WHAT YOU HAVE TO DO: Everything in the listing below has to be repeated exactly, except the pictures.

COLLECTED MATERIAL:
◆ ◆ ◆ ◆ ◆ ◆ ◆

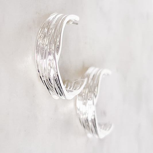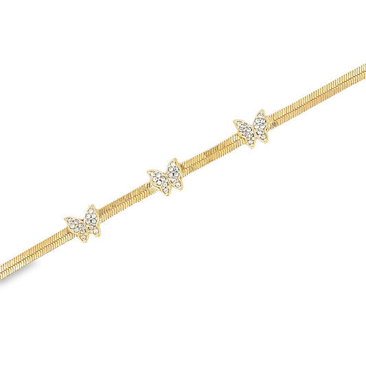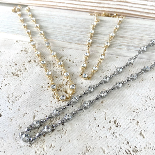 Matte Metal & Crystal Three Strand Bracelet - Silver
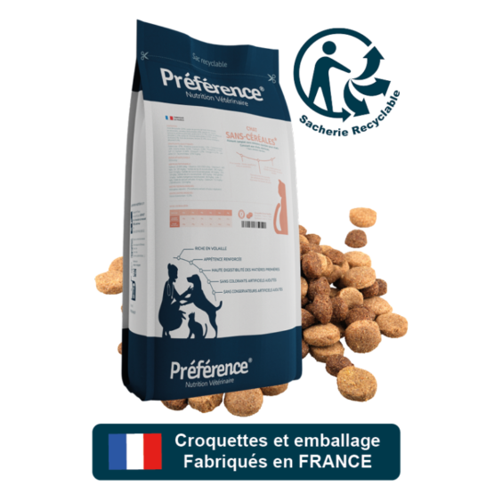 Volaille déshydratée (34%), pulpe de pomme de terre déshydratée, pois déshydratés, crevettes déshydratées (4%), graisse de volaille, hydrolysat de protéines animales, graine de lin (1,7%), pulpe de betterave déshydratée, pulpe de chicorée déshydratée (1,5%), fibres végétales déshydratées (1%), huile de poissons, levures (0,1%), yucca schidigera déshydraté (0,1%).
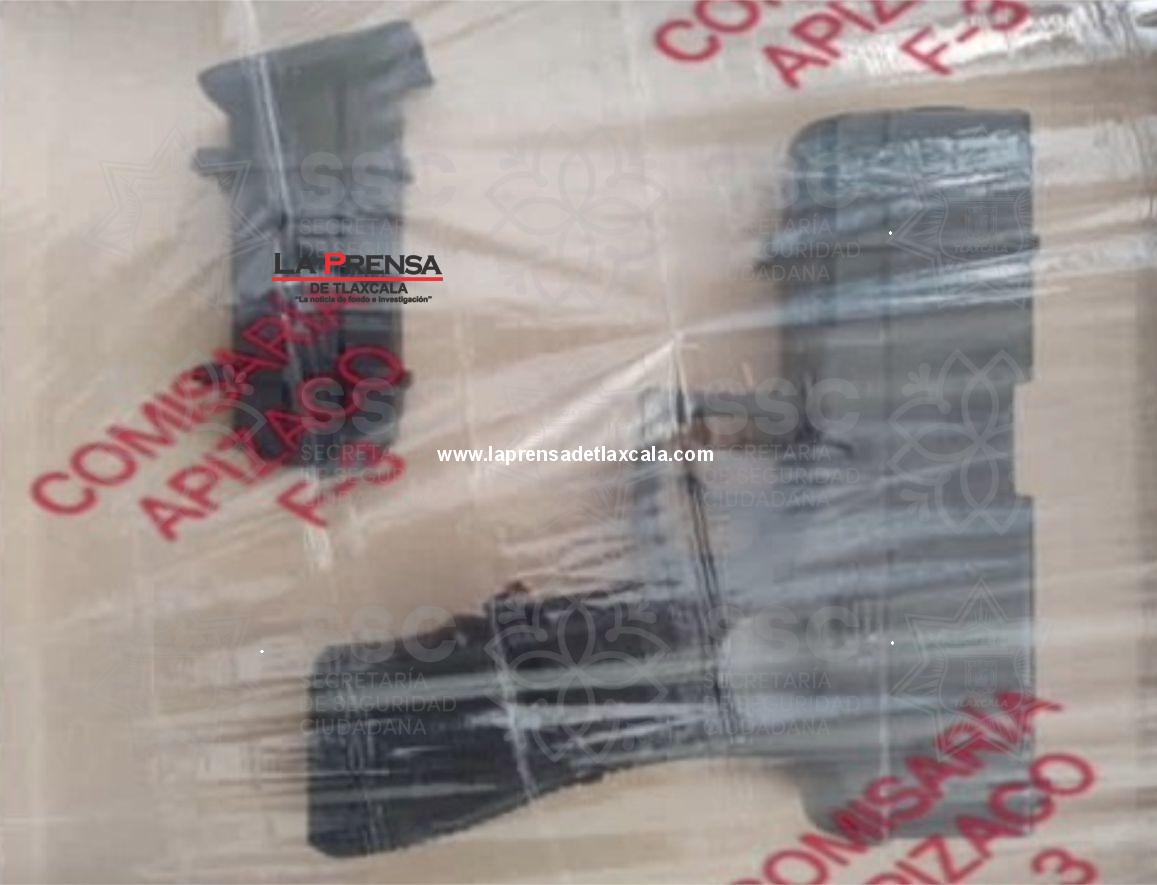 Al efectuar la revisión correspondiente tanto al conductor como al interior del vehículo, los oficiales localizaron un objeto con características similares a un arma de fuego (réplica de arma de fuego), considerado como un objeto óptimo para agredir, por lo que fue asegurado de manera inmediata.

◆ ◆ ◆ ◆ ◆ ◆ ◆

FINISHED TASK:
 Matte Metal & Crystal Three Strand Bracelet - Silver
 Volaille déshydratée (34%), pulpe de pomme de terre déshydratée, pois déshydratés, crevettes déshydratées (4%), graisse de volaille, hydrolysat de protéines animales, graine de lin (1,7%), pulpe de betterave déshydratée, pulpe de chicorée déshydratée (1,5%), fibres végétales déshydratées (1%), huile de poissons, levures (0,1%), yucca schidigera déshydraté (0,1%).
 Al efectuar la revisión correspondiente tanto al conductor como al interior del vehículo, los oficiales localizaron un objeto con características similares a un arma de fuego (réplica de arma de fuego), considerado como un objeto óptimo para agredir, por lo que fue asegurado de manera inmediata.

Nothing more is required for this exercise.